▶ EXERCISE DATA

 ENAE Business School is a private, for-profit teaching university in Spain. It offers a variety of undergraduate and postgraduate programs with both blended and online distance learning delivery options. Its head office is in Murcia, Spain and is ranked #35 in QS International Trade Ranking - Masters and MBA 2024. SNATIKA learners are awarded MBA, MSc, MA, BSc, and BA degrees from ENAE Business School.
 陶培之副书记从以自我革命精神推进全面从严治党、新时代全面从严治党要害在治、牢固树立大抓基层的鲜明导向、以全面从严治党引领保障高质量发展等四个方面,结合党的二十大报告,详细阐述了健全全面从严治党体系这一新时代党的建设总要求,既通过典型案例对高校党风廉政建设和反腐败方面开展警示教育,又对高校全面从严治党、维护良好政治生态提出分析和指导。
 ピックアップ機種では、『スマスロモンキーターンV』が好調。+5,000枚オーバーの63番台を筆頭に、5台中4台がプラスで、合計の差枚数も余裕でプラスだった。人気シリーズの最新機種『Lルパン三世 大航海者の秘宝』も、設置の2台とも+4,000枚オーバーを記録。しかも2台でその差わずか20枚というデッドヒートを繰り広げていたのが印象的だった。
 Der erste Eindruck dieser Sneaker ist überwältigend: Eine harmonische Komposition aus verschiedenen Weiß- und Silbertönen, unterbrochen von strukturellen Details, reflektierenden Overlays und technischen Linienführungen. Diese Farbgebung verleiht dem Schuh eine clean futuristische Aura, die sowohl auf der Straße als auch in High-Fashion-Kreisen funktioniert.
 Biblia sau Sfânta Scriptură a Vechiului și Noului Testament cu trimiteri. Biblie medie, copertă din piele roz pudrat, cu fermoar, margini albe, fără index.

==

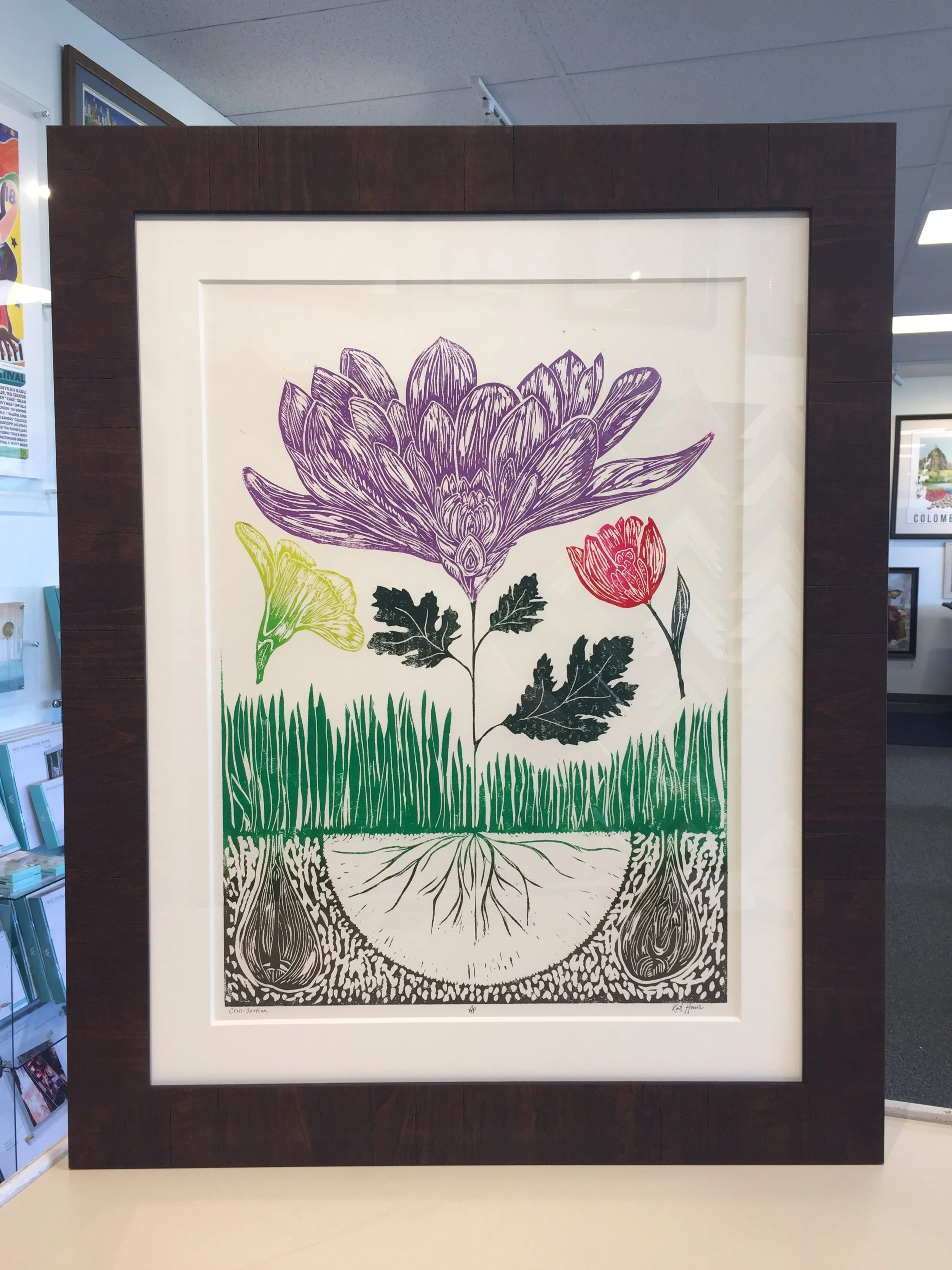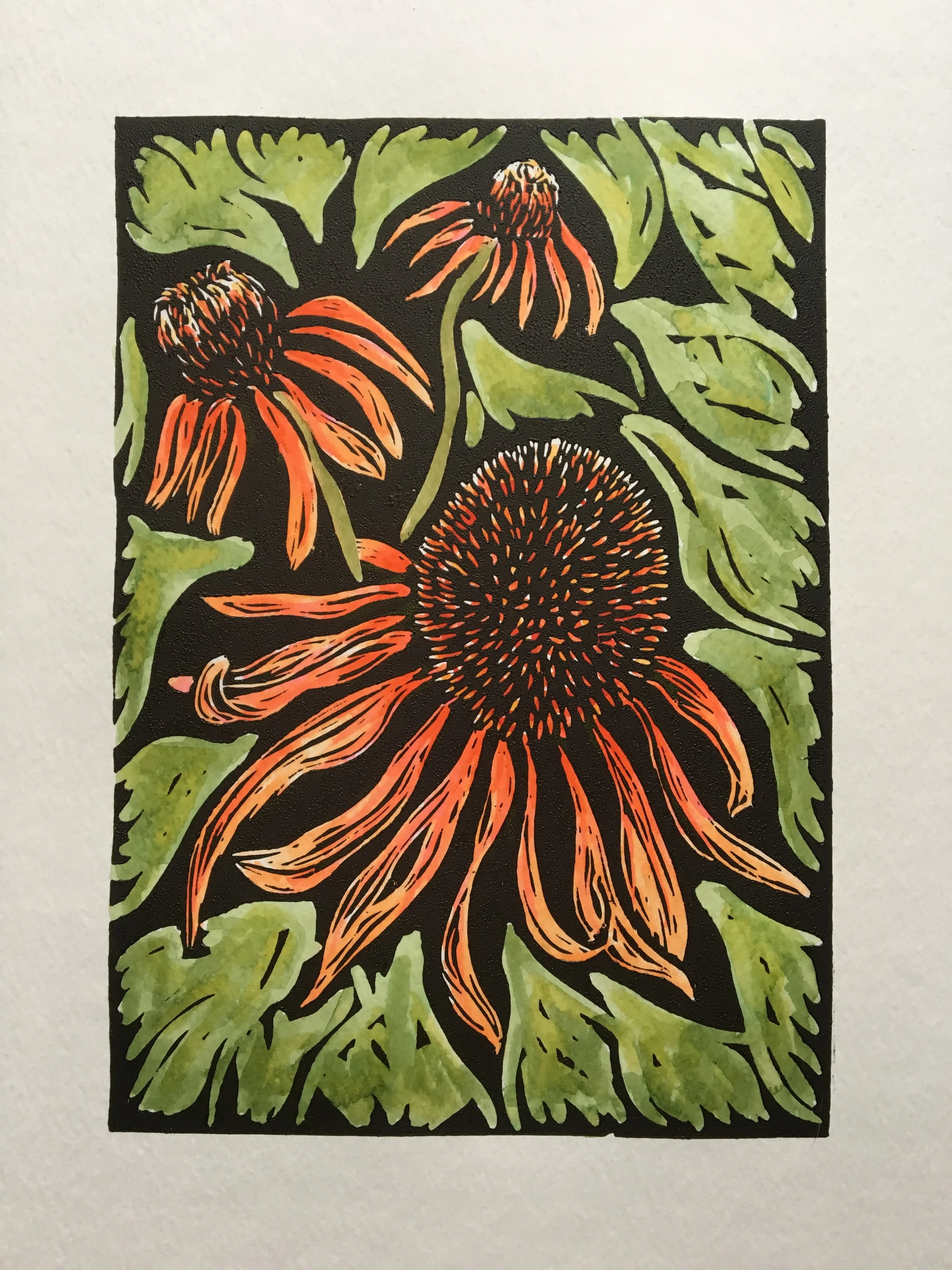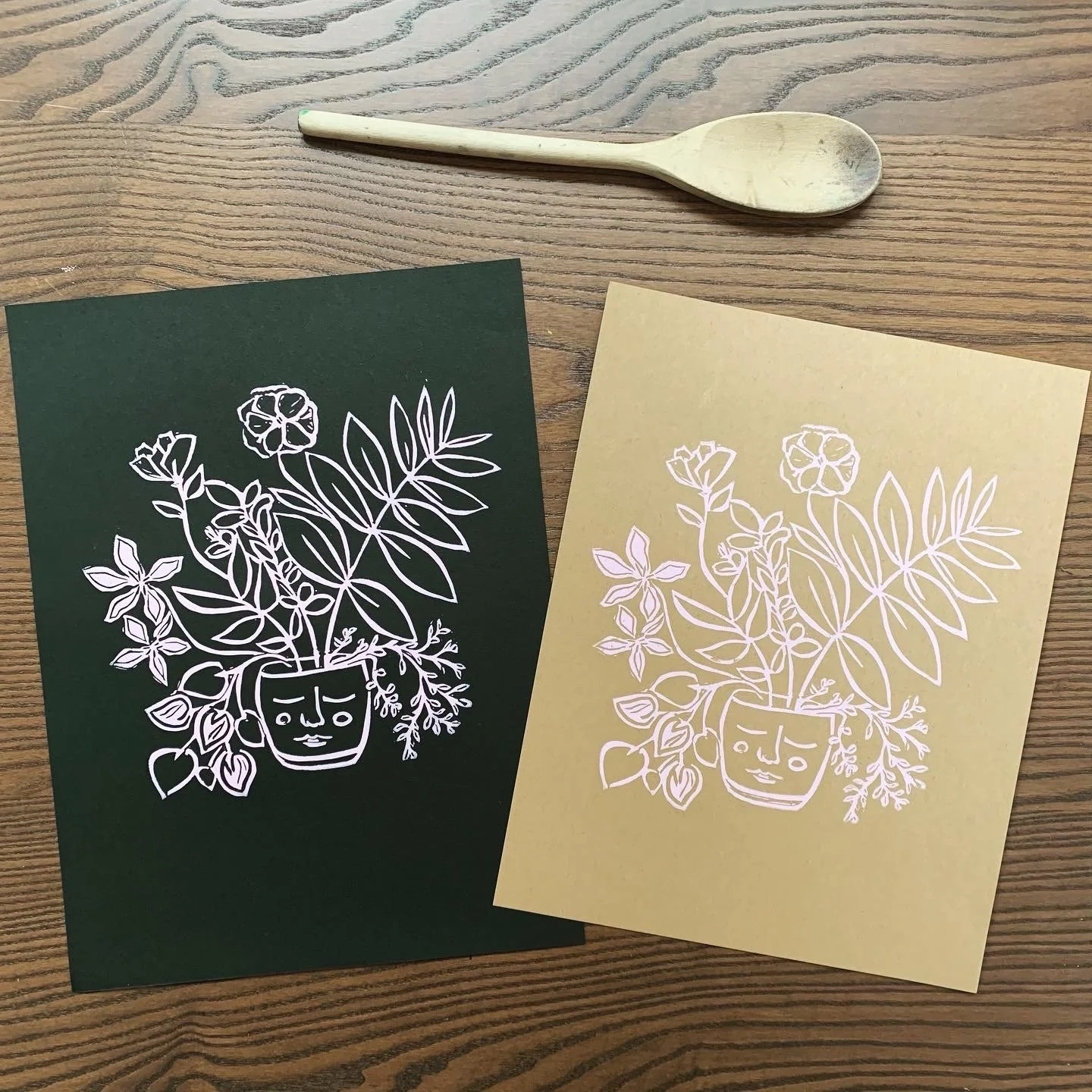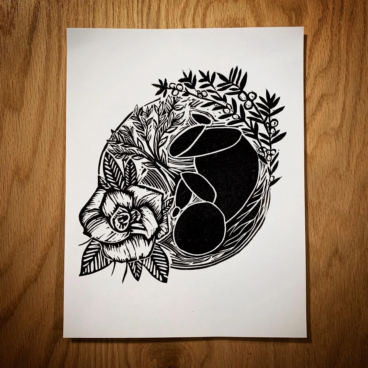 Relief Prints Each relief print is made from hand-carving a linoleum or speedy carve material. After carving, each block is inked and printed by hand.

--

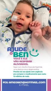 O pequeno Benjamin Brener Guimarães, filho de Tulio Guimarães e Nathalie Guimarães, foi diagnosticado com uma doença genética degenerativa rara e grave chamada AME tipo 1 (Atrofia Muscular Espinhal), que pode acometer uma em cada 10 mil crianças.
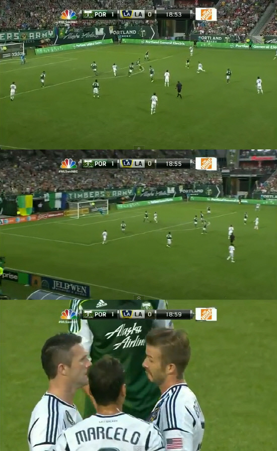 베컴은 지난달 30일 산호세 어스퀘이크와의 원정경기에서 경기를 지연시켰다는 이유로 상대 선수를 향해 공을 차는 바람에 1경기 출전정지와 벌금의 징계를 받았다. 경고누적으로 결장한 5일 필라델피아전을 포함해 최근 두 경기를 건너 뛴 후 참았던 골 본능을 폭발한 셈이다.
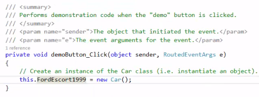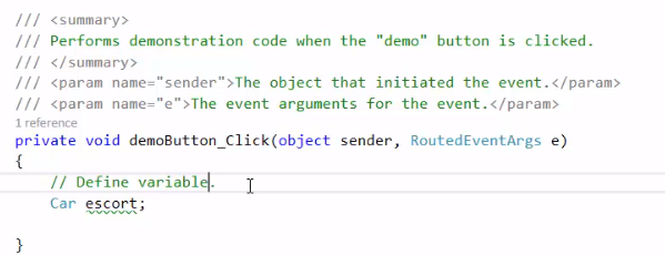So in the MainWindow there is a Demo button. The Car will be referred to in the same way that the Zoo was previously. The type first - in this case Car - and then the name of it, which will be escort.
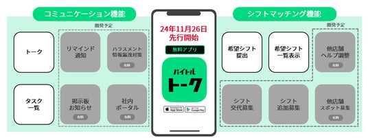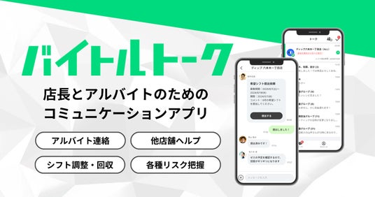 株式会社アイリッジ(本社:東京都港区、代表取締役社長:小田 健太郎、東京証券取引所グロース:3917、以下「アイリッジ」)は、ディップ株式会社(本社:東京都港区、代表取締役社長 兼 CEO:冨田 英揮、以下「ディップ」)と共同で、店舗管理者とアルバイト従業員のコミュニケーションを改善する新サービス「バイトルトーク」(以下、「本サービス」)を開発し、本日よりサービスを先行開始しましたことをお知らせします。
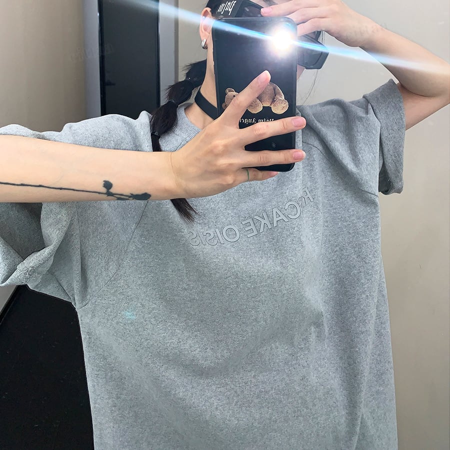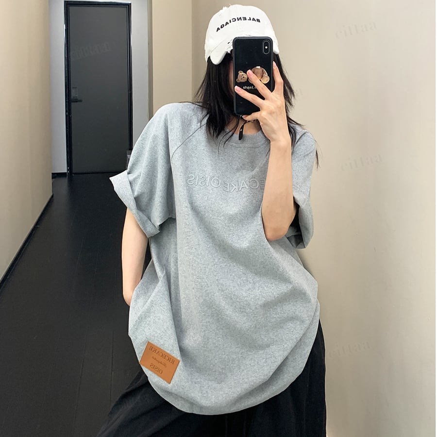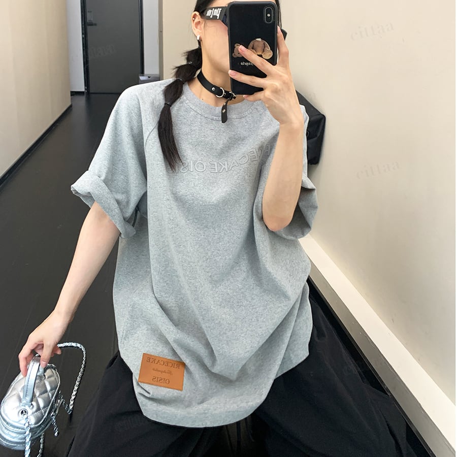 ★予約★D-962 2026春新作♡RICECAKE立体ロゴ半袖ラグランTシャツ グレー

▶ TASK TO CARRY OUT
The required answer is the run of lines above, starting at the line with "ピックアップ機種では、『スマ" and ending at the line with "Der erste Eindruck", reproduced exactly with both ends.

▶ EXERCISE ANSWER
 ピックアップ機種では、『スマスロモンキーターンV』が好調。+5,000枚オーバーの63番台を筆頭に、5台中4台がプラスで、合計の差枚数も余裕でプラスだった。人気シリーズの最新機種『Lルパン三世 大航海者の秘宝』も、設置の2台とも+4,000枚オーバーを記録。しかも2台でその差わずか20枚というデッドヒートを繰り広げていたのが印象的だった。
 Der erste Eindruck dieser Sneaker ist überwältigend: Eine harmonische Komposition aus verschiedenen Weiß- und Silbertönen, unterbrochen von strukturellen Details, reflektierenden Overlays und technischen Linienführungen. Diese Farbgebung verleiht dem Schuh eine clean futuristische Aura, die sowohl auf der Straße als auch in High-Fashion-Kreisen funktioniert.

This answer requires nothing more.